Cloacina was a goddess who presided over the Cloaca Maxima ('Greatest Drain'), the main interceptor discharge outfall of the system of sewers in Rome.

Name 
The theonym Cloācīna is a derivative of the noun cloāca ('sewer, underground drainage'; cf. cluere 'to purify'), itself from Proto-Italic *klowā-, ultimately from Proto-Indo-European *ḱleuH-o- ('clean'). A cult-title of Venus, Cloācīna may be interpreted as meaning 'The Purifier'.

Cult 
The Cloaca Maxima was said to have been begun by Tarquinius Priscus, one of Rome's Etruscan kings, and finished by another, Tarquinius Superbus: Cloacina might have originally been an Etruscan deity.

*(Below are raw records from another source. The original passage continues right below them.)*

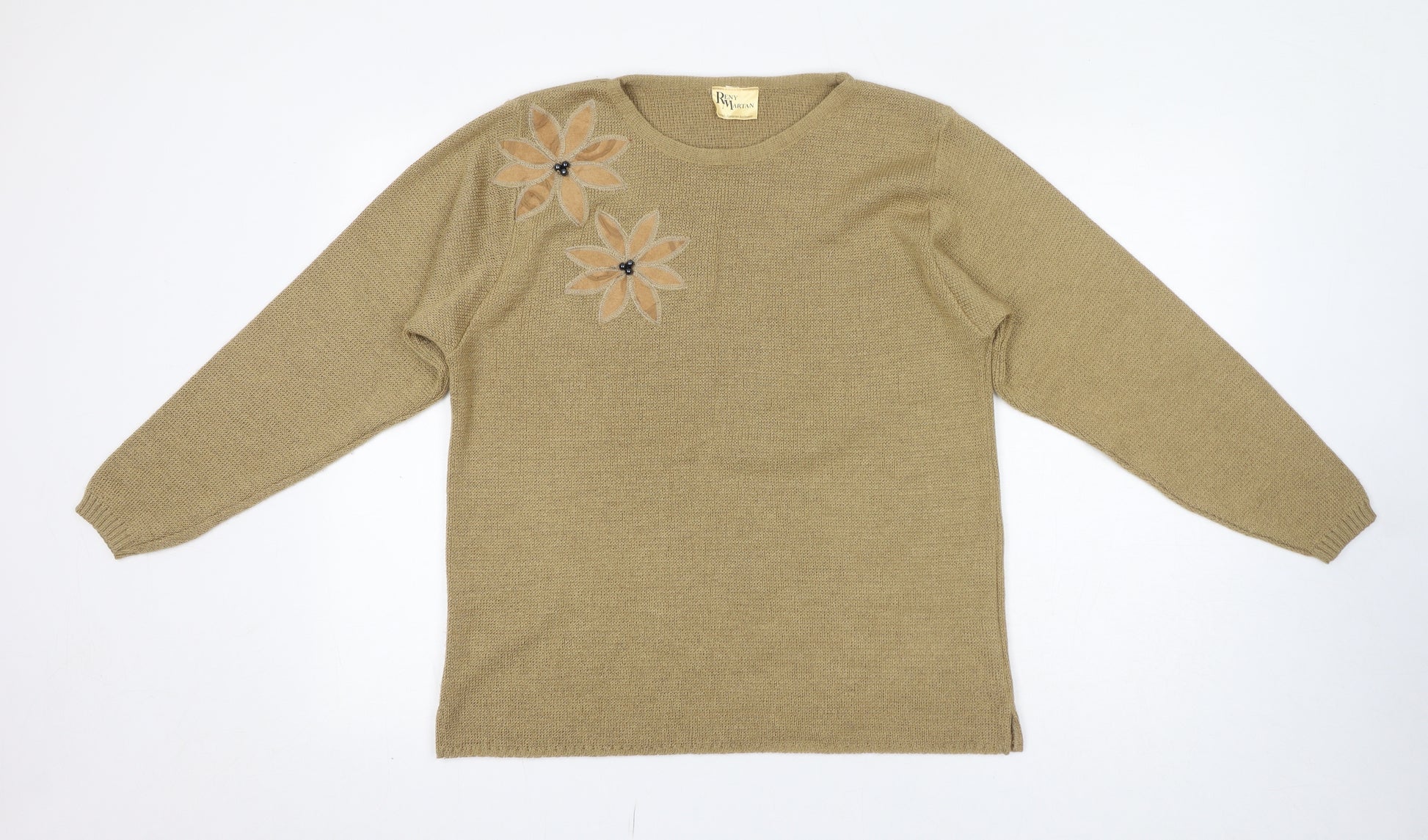 Womens Beige Round Neck Acrylic Pullover Jumper Size 14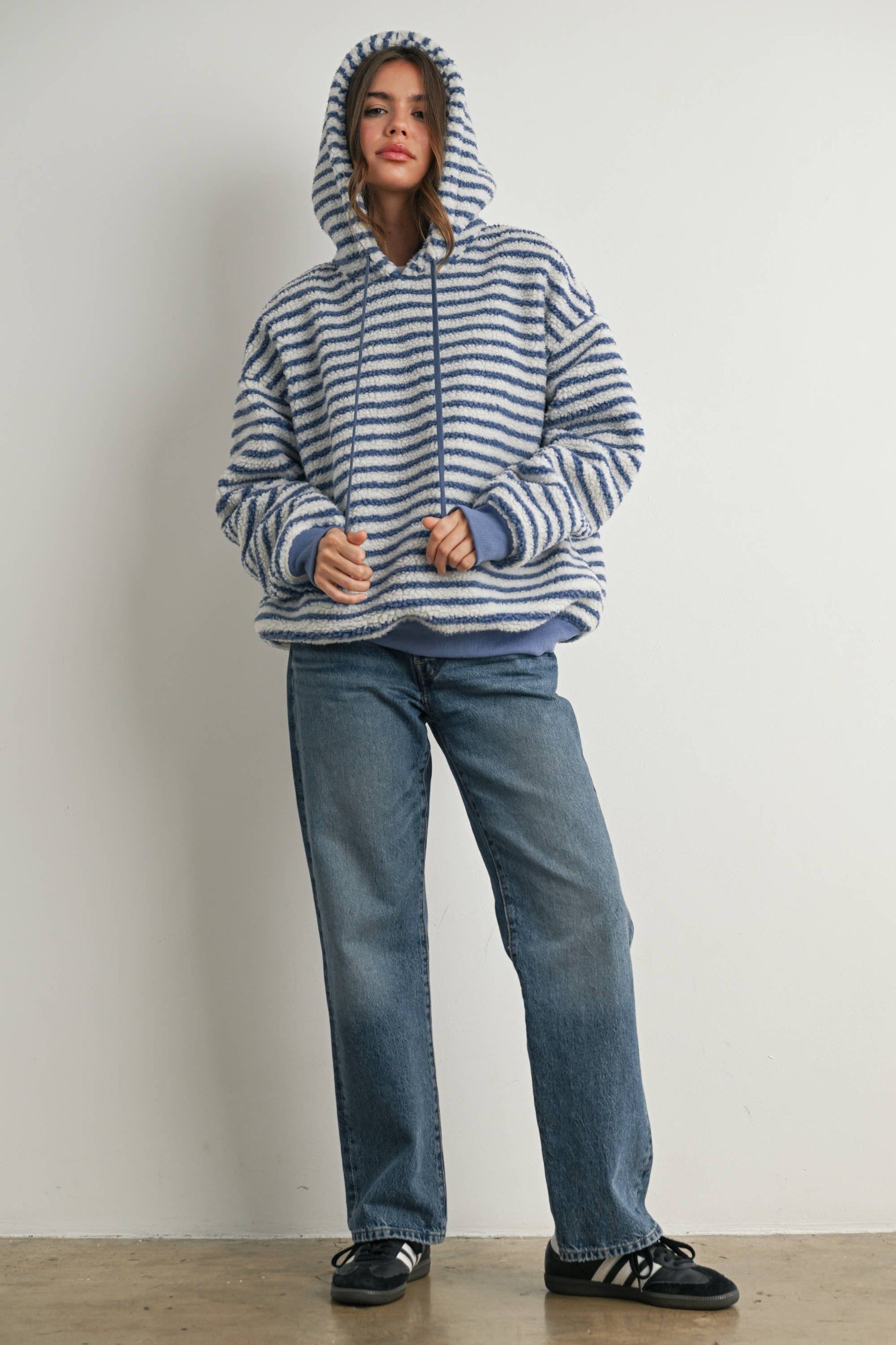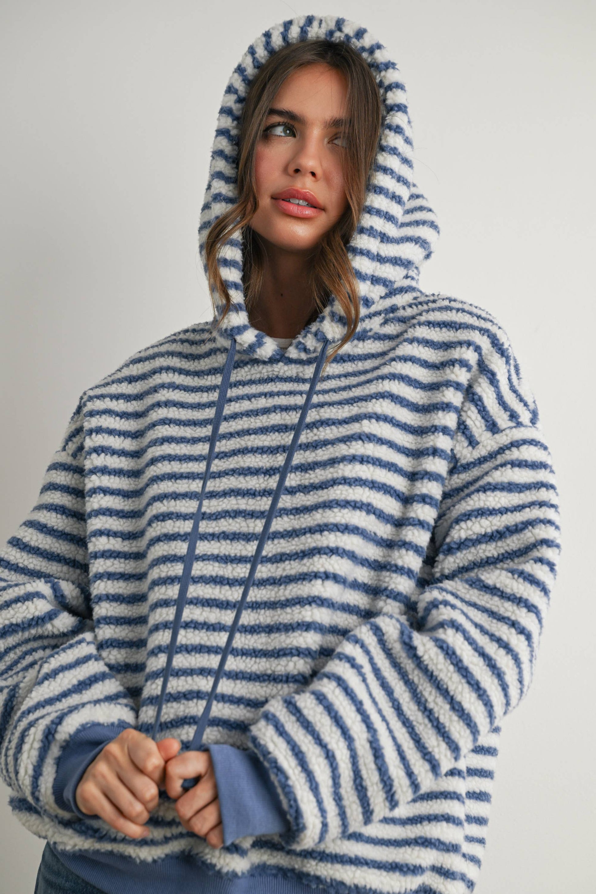 Brushed Striped Puffy Hoodie
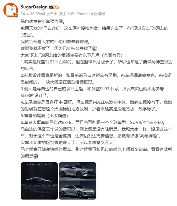 6、车名大概率叫马自达EZ-6,而且有可能是一个全球车型,SUV版本为EZ-60。

According to one of Rome's foundation myths, Titus Tatius, king of the Sabines, erected a statue to Cloacina at the place where Romans and Sabines met to confirm the end of their conflict, following the rape of the Sabine women. Tatius instituted lawful marriage between Sabines and Romans, uniting them as one people, ruled by himself and by Rome's founder, Romulus. The peace between Sabines and Romans was marked by a cleansing ritual using myrtle, at or very near an ancient Etruscan shrine to Cloacina, above a small stream that would later be enlarged as the main outlet for Rome's main sewer, the Cloaca Maxima. As myrtle was one of Venus' signs, and Venus was a goddess of union, peace and reconciliation, Cloacina was recognised as Venus Cloacina (Venus the Cleanser). She was also credited with the purification of sexual intercourse within marriage.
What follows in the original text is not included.